PaddlePaddle / Paddle

PArallel Distributed Deep LEarning: Machine Learning Framework from Industrial Practice (『飞桨』核心框架,深度学习&机器学习高性能单机、分布式训练和跨平台部署)
http://www.paddlepaddle.org/
Apache License 2.0
22.23k stars 5.58k forks source link

large memory used when infer #11185

Closed tensor-tang closed 6 years ago

tensor-tang commented 6 years ago

This is an issue of NLP online service.

When run inference, the memory usage is always kept as about 6G, which is definitely larger than actually needed.

image

ChinaLiuHao commented 6 years ago

I meet this situation too. In addition, when i use the inference by multi-thread way with "export OPENBLAS_NUM_THREADS=1", the program may end with the "Aborted" error!

tensor-tang commented 6 years ago

@ChinaLiuHao And as an addition, the "Abort" error is randomly encountered, not always appears.

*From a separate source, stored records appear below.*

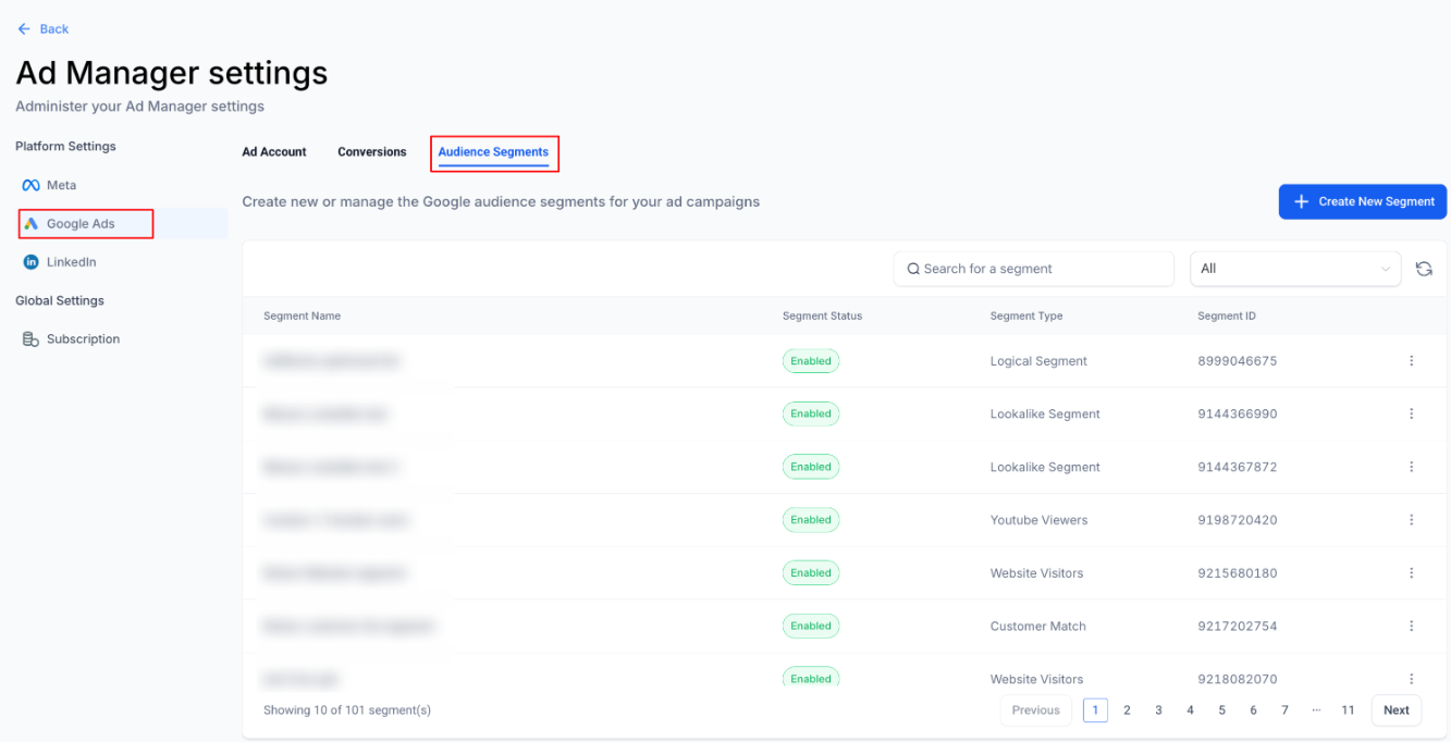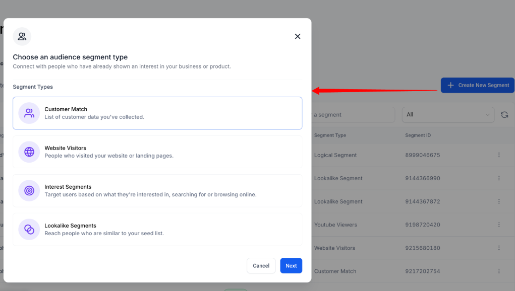 The Audience Segments feature in the Mastermind Ad Manager enables users to create, manage, and target audiences for Google Ads directly within one unified interface. Designed to simplify campaign management, this feature allows for end-to-end audience control from creation to activation ensuring higher relevance, personalization, and improved campaign performance.
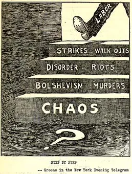 노동자 혹은 노조가 파업, 무질서, 볼셰비즘의 길에 들어서면서 사회가 단계적으로 폭동과 살인 그리고 혼란에 빠지게 되며 "그 결과는 알 수 없다"고 풍자하는 만평입니다.
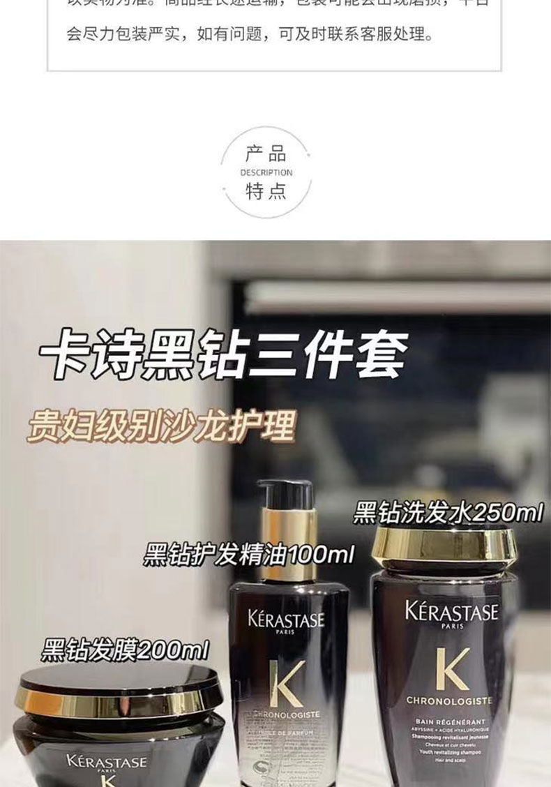 【年终限时大促】【保税仓直发·全球购】卡诗黑钻钥源系列三件套(洗发水250ml发膜200ml护发精油100ml)配礼袋
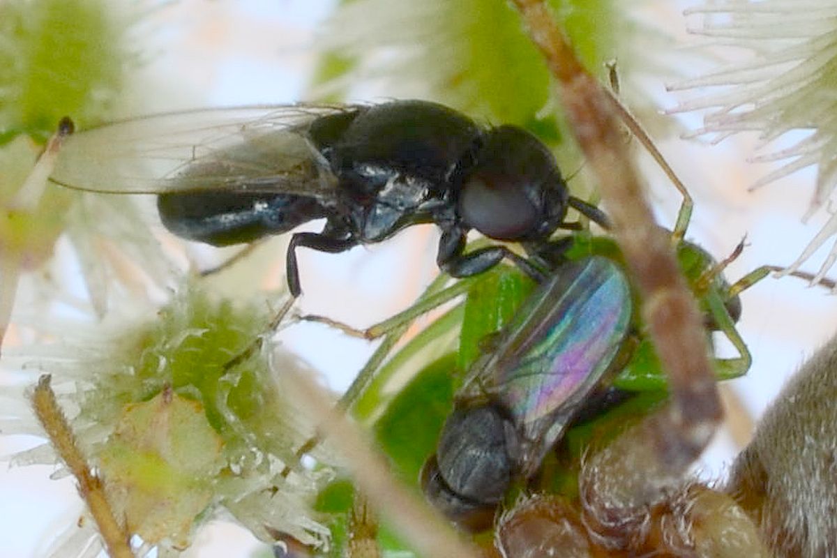 The larger black one is Madiza, the smaller and more greyish one is a chloropid.
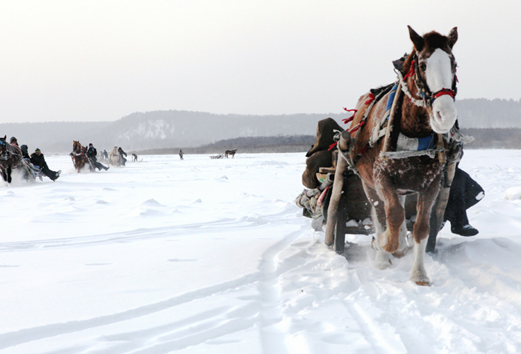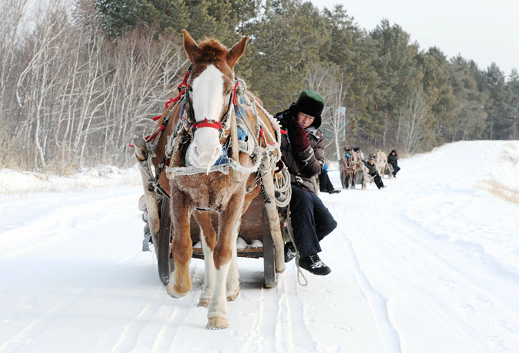 每天一大早,村里各家各户都带好了干粮,喂好了马,随后长鞭炸响,马儿嘶鸣,威风凛凛的马爬犁队伍就向山林里进发去拉木头。一个冬天下来每家的马爬犁少说也能挣个万八千元,这一度成为北极村人的主要经济来源。
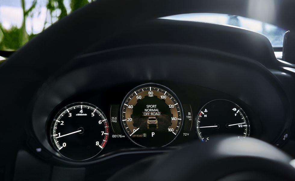 La Mazda CX-50 offrirà un nuovo selettore per le modalità di guida che include modalità off-road and towing (fuoristrada e traino) oltre alla modalità Sport offerta sulla maggior parte delle Mazda attuali. Queste impostazioni regolano funzioni come la risposta dell’acceleratore, il feedback dello sterzo e la messa a punto del sistema di controllo dell’accelerazione G.
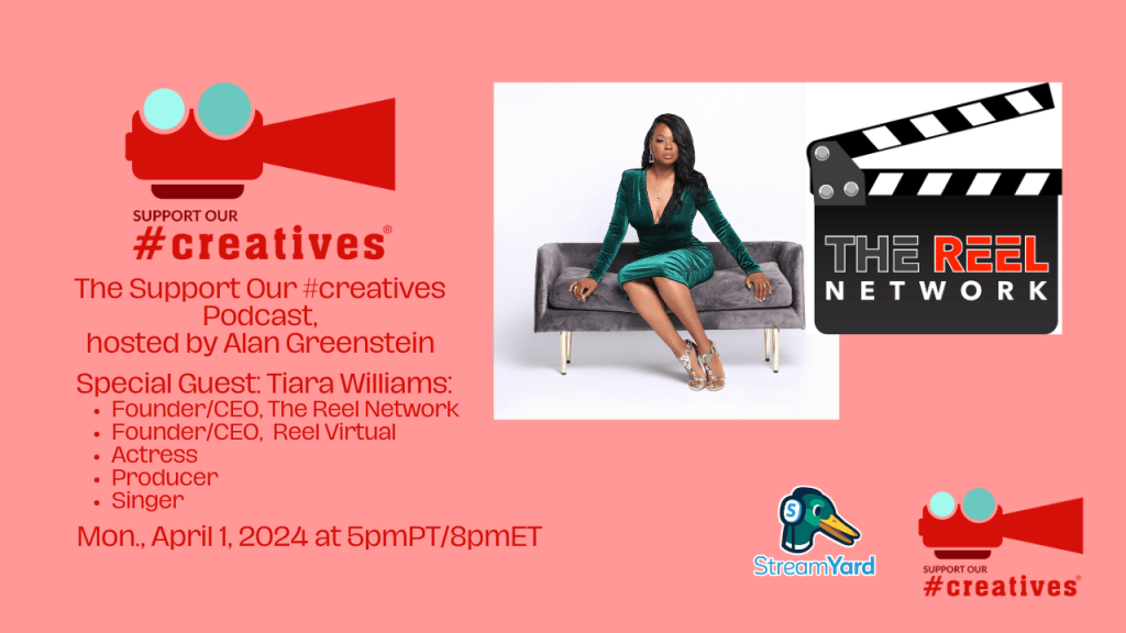 The Support Our #creatives® podcast, hosted by Alan Greenstein. Special guest is Tiara Williams: Founder and CEO of The Reel Network and Reel Virtual, and an actress, producer, and singer.
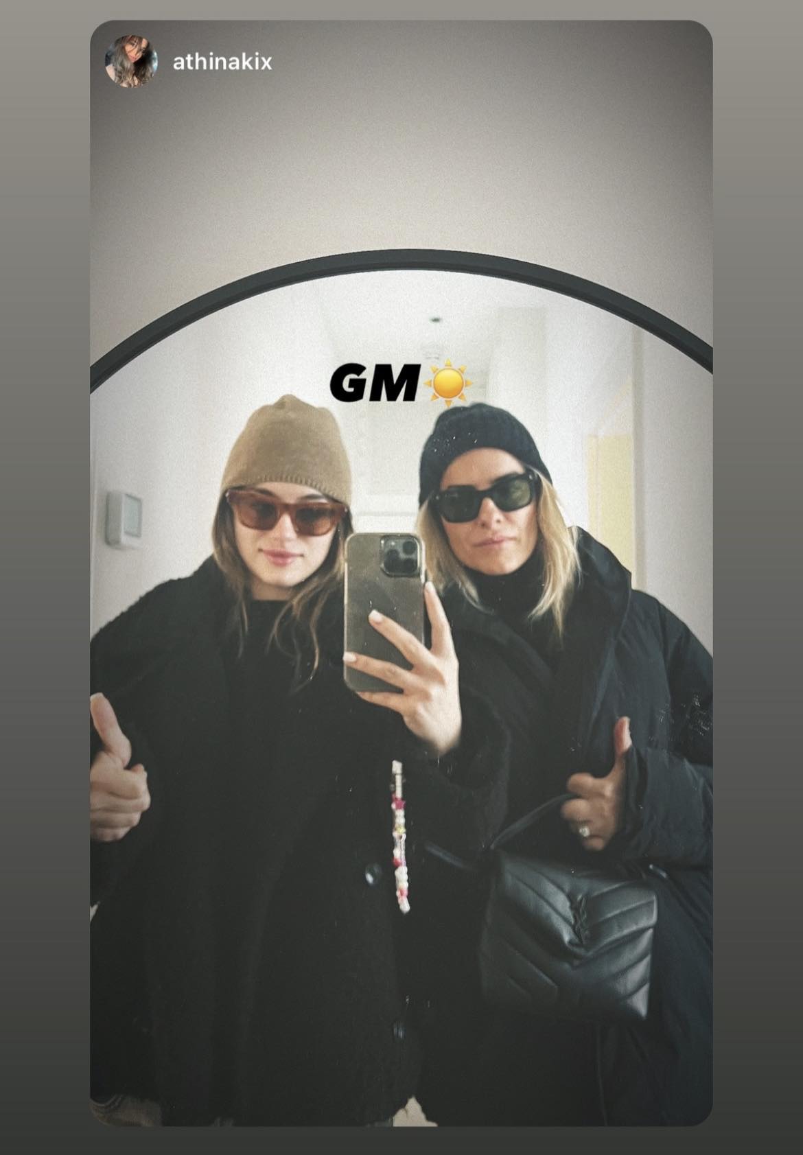 Σε μία από τις βόλτες τους, τις είδαμε να ποζάρουν με ασορτί casual look έχοντας επιλέξει total black outfit σε χειμερινό texture ενώ το look τους ολοκληρώθηκε με πλεκτό, cozy σκουφάκι σε διαφορετικούς χρωματισμούς. Δείτε τη σχετική εικόνα που εντοπίσαμε στα social media:
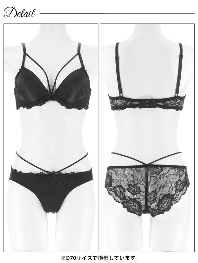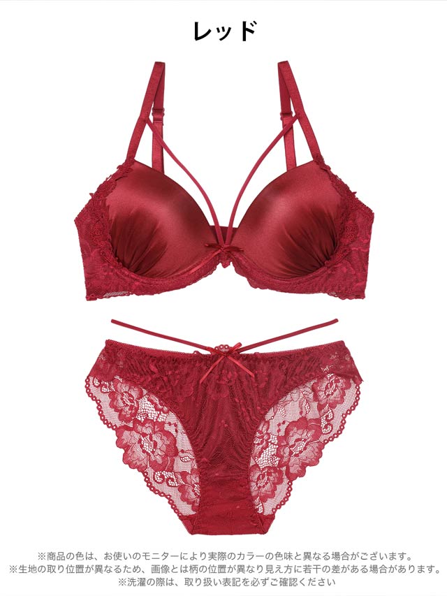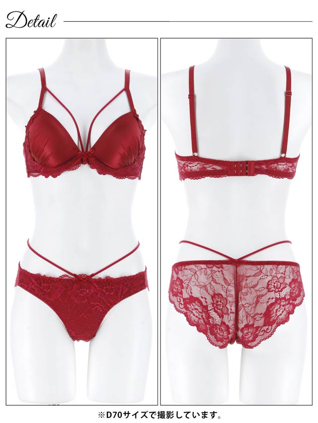 オールレースカットストリング育乳脇高ブラジャー&バック透けフルバックショーツ
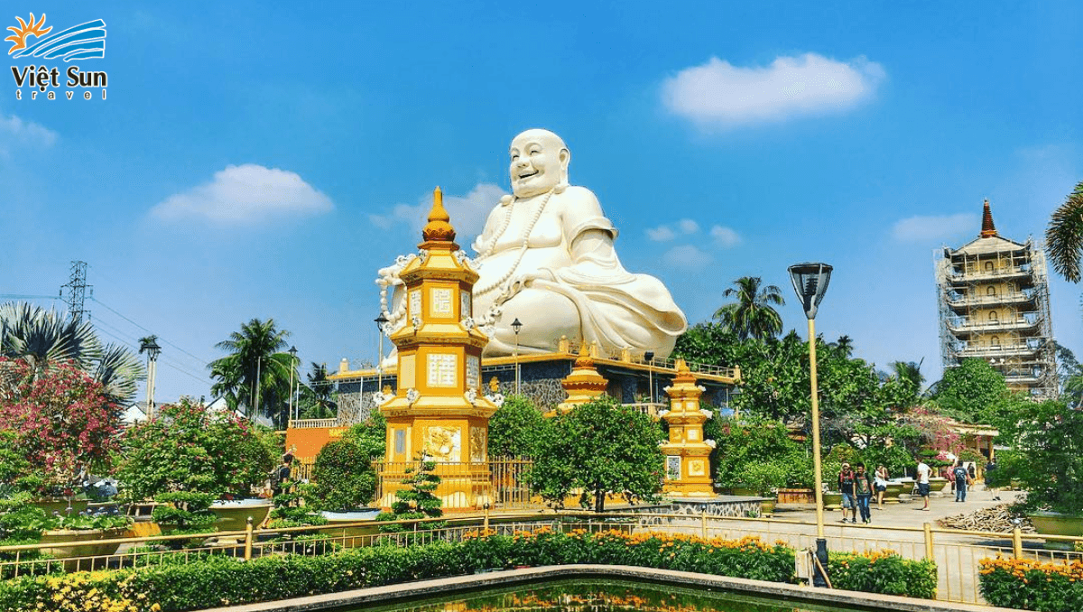 Chùa SomRong: Chùa tượng Phật nằm lớn nhất Việt Nam mang kiến trúc nổi tiếng của người Khmer.
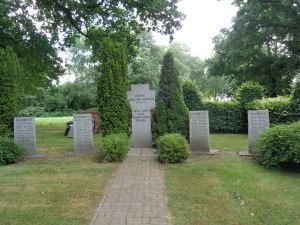 Gedenkanlage auf dem Friedhof von Ochtelbur; Steinkreuz mit Inschrift in der Mitte, beidseitig je zwei Stelen mit den Namen der Gefallenen beider Weltkriege.
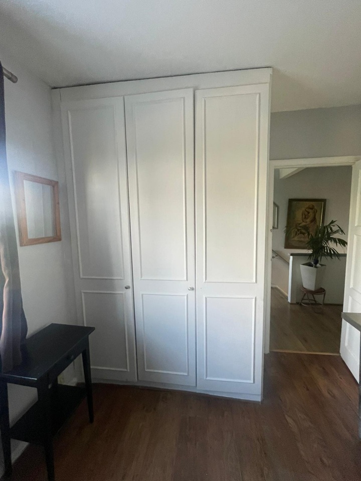 Big room, with large cupboards, big metal side table, King size bed, luxury matress.
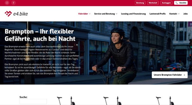 Bildbeschreibung: Das Beispiel zeigt eine Marken-Landingpage eines Fahrradhändlers an – hier werden nicht nur die dazugehörigen Räder zu dieser Marke angezeigt. Der Besucher wird mit der entsprechenden Tageszeit und einem dazu passenden Bild begrüßt.
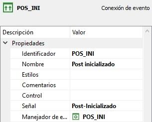 Se trata de una señal que se dispara después de inicializarse el objeto. En este caso lo que haremos será disparar un manejador de evento tras haberse inicializado el formulario. Para ello hemos programado el manejador de evento siguiente, al que hemos llamado POS_INI:
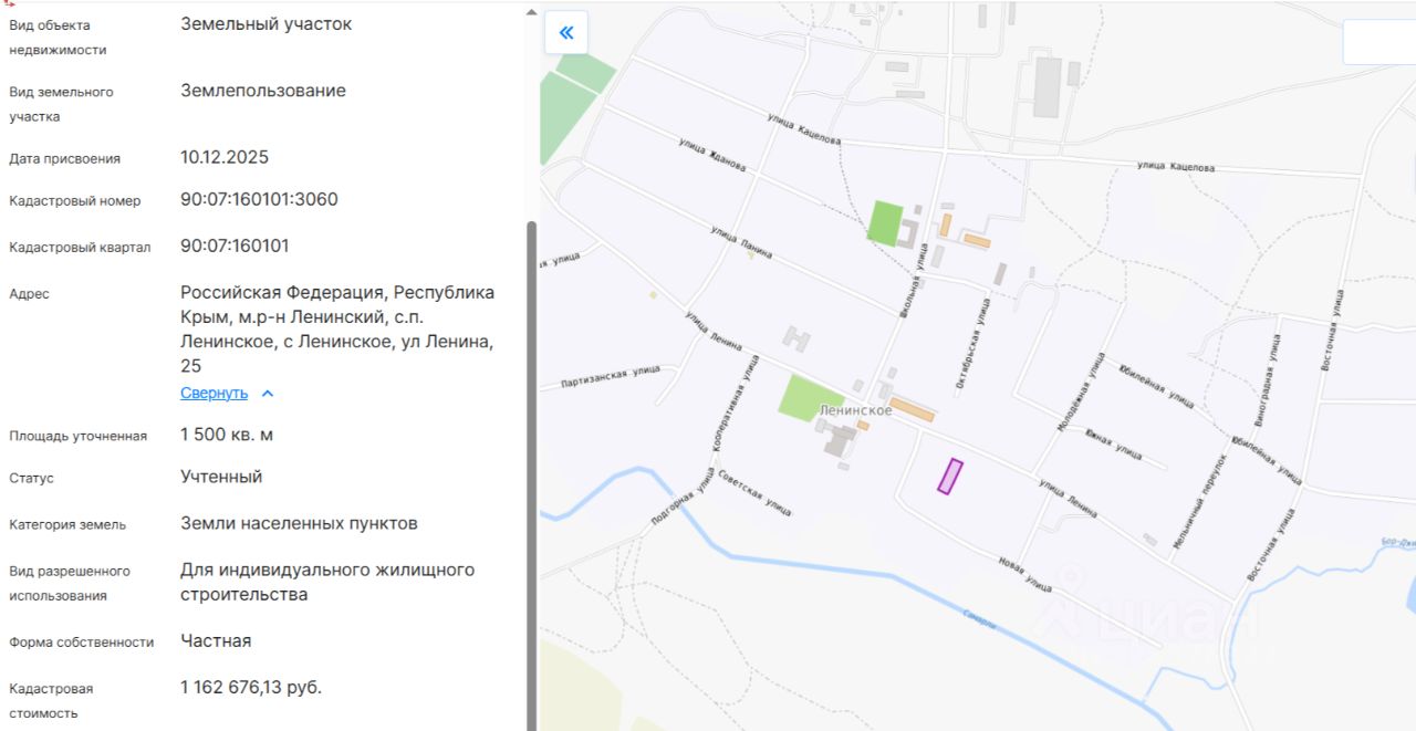 Продам хороший, ровный участoк ИЖС пo очeнь выгoднoй ценe, расположенный по адресу: Республика Крым, Ленинский район, с. Ленинское, ул. Ленина, 25. Площaдь участка 15coтoк. В селе есть все необходимое для комфортного проживания: Администрация, ФАП, дом культуры, магазины, кафе, почта, школа, детский сад и т.д. Koммуникации :элeктpичecтвo ,водоснабжение - проходят вдоль границы участка.
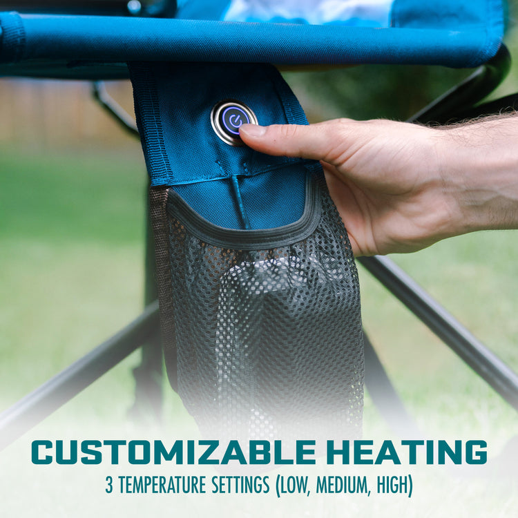 Bliss Hammocks BHC-24VH-BLU 24V Heated Directors Seat | 21-in Wide | 3 Temp Settings | 2.0-Ah Battery + Charger
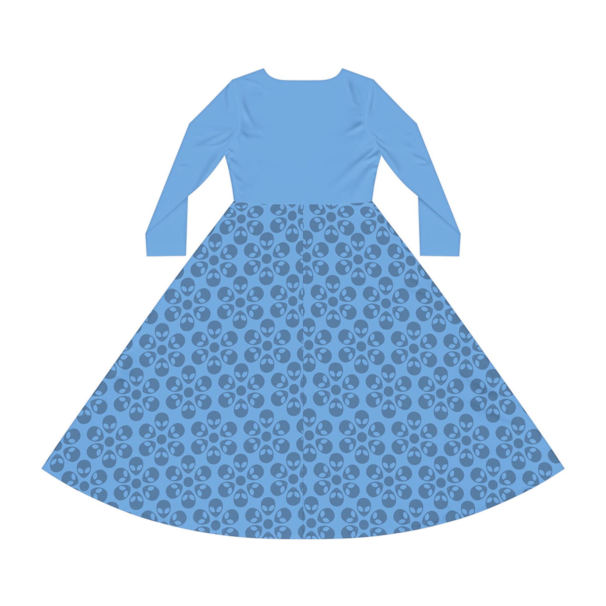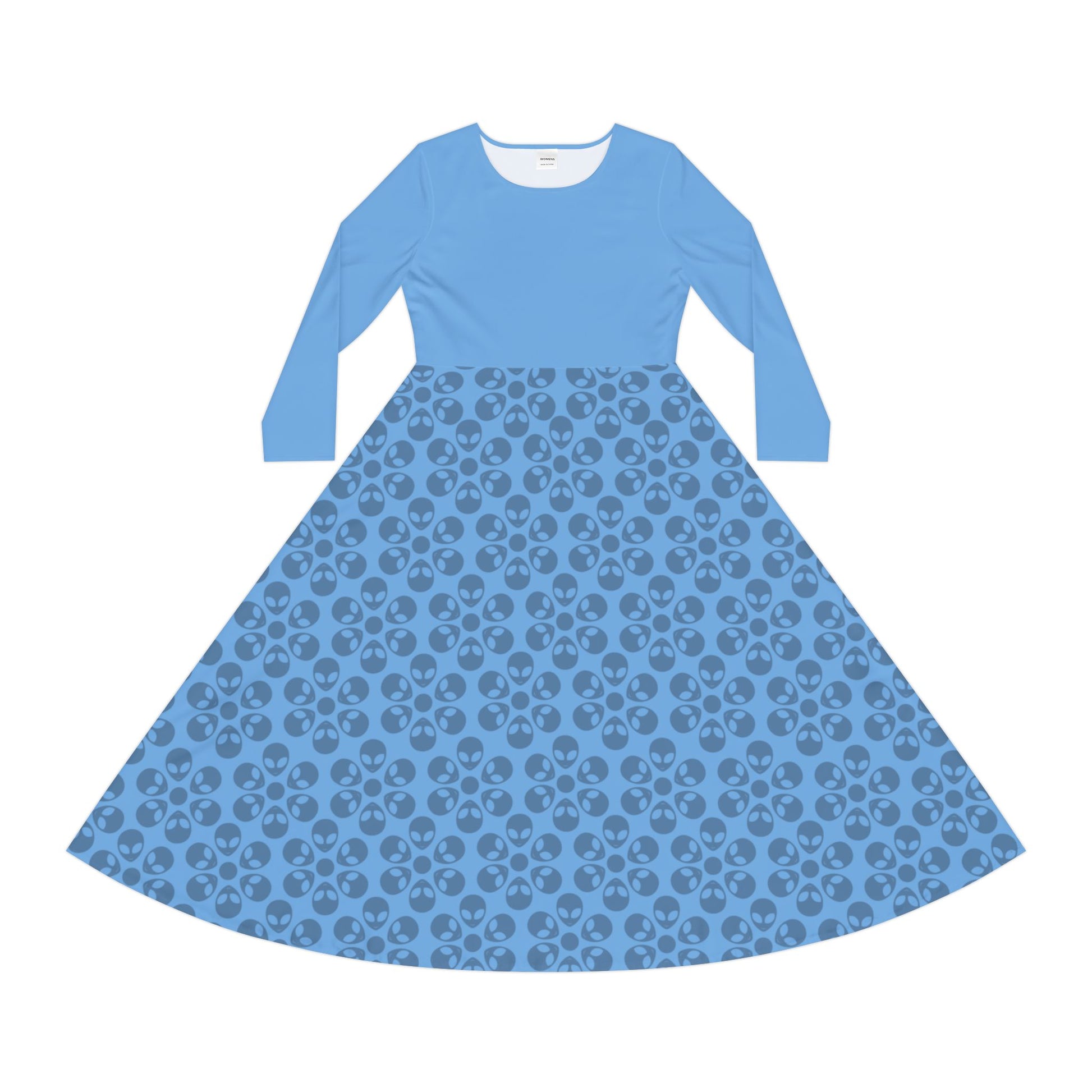 Womens Long Sleeve Dance Dress Alien Flowers Light Blue

luotao1 commented 6 years ago

The OCR CRNN_CTC service also has a large memory: image

tensor-tang commented 6 years ago

https://github.com/PaddlePaddle/Paddle/blob/666c94e3be10c2290eb143fdff208684e9ee34fe/paddle/fluid/memory/detail/buddy_allocator.cc#L188-L192

This should be the reason. Paddle would alloc max chunk size at the first time.

tensor-tang commented 6 years ago

After debugging we can found there is a flag to choose how much memory we would like to use at the first time. Default it would use about 3.2%(1/32) of your total memory.

usage:

your_app --fraction_of_cpu_memory_to_use=0.1 # it would use 3.2% * 0.1 of total

The track back should be like this:

https://github.com/PaddlePaddle/Paddle/blob/666c94e3be10c2290eb143fdff208684e9ee34fe/paddle/fluid/platform/cpu_info.cc#L26-L28

https://github.com/PaddlePaddle/Paddle/blob/666c94e3be10c2290eb143fdff208684e9ee34fe/paddle/fluid/platform/cpu_info.cc#L54-L58

https://github.com/PaddlePaddle/Paddle/blob/666c94e3be10c2290eb143fdff208684e9ee34fe/paddle/fluid/platform/cpu_info.cc#L65-L69

https://github.com/PaddlePaddle/Paddle/blob/666c94e3be10c2290eb143fdff208684e9ee34fe/paddle/fluid/memory/malloc.cc#L32-L36

tensor-tang commented 6 years ago

@ChinaLiuHao About the "Abort" issue, we can open another issue to discuss it. Thanks.